### Task description
The data below holds the lines to copy: everything from the line containing "O Móbile da" to the line containing "1842 y 2021 |", both ends included, set down exactly.

### Records to use
• • •
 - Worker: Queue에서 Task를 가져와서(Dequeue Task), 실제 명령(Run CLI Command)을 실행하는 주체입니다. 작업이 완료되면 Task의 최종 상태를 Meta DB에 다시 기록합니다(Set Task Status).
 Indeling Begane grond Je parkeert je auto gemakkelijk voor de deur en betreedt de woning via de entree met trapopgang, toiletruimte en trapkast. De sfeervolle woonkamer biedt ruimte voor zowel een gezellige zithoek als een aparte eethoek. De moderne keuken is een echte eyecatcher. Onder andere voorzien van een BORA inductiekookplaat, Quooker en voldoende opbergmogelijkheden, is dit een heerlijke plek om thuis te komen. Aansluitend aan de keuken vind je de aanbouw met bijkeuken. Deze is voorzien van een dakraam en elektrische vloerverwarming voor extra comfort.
• • •
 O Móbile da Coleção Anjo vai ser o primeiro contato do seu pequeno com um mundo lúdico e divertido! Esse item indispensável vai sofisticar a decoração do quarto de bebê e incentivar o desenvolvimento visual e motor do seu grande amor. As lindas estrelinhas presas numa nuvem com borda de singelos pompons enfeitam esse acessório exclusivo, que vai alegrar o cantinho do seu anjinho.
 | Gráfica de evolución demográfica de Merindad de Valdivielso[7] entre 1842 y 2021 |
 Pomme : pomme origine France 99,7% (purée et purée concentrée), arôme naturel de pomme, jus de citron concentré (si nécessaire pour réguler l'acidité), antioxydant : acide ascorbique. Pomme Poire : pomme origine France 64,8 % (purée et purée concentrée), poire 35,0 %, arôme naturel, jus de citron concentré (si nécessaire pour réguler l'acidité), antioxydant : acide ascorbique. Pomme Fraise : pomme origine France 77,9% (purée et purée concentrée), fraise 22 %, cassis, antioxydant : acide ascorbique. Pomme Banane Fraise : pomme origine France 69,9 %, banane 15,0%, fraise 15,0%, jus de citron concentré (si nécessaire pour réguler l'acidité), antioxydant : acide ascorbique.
• • •
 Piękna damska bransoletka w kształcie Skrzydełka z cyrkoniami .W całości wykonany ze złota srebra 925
• • •
### Answer area
 O Móbile da Coleção Anjo vai ser o primeiro contato do seu pequeno com um mundo lúdico e divertido! Esse item indispensável vai sofisticar a decoração do quarto de bebê e incentivar o desenvolvimento visual e motor do seu grande amor. As lindas estrelinhas presas numa nuvem com borda de singelos pompons enfeitam esse acessório exclusivo, que vai alegrar o cantinho do seu anjinho.
 | Gráfica de evolución demográfica de Merindad de Valdivielso[7] entre 1842 y 2021 |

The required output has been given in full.